─── Records supplied

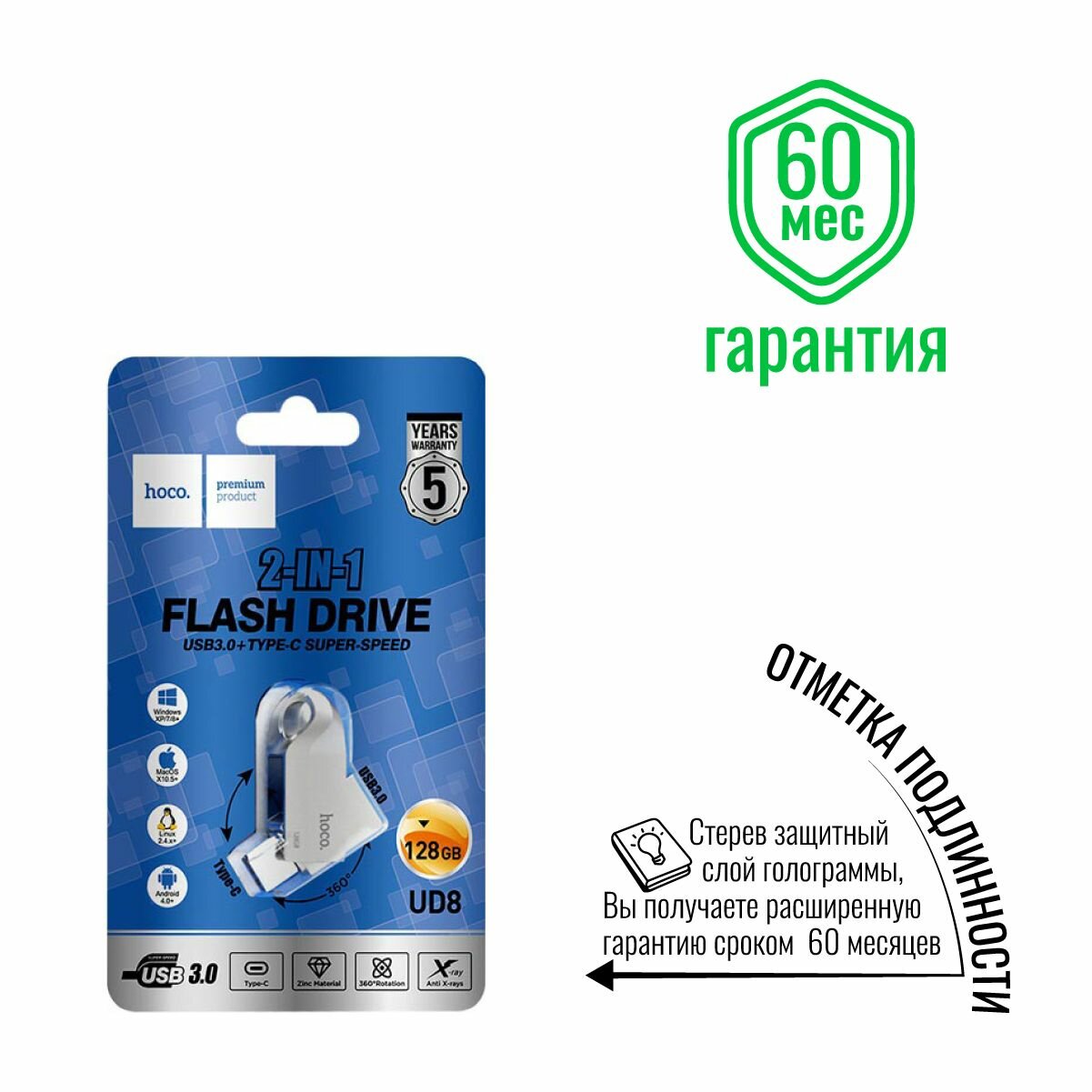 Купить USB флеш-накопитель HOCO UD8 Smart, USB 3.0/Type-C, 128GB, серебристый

──────
─── Records supplied

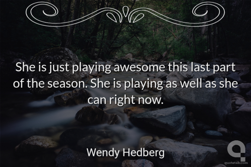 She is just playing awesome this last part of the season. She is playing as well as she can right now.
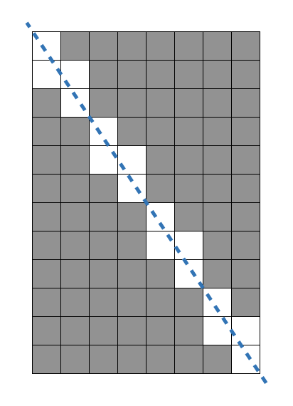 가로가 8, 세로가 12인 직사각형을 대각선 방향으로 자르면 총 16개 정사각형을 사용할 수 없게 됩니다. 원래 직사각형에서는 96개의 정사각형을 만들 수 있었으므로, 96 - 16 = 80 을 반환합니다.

──────

▶ [What to produce] Looking above, find the stretch of lines that opens with the one holding "She is just" and closes with the one holding "가로가 8, 세로가 12인". Copy it exactly, pictures excluded.

▶ [Reply]
 She is just playing awesome this last part of the season. She is playing as well as she can right now.
 가로가 8, 세로가 12인 직사각형을 대각선 방향으로 자르면 총 16개 정사각형을 사용할 수 없게 됩니다. 원래 직사각형에서는 96개의 정사각형을 만들 수 있었으므로, 96 - 16 = 80 을 반환합니다.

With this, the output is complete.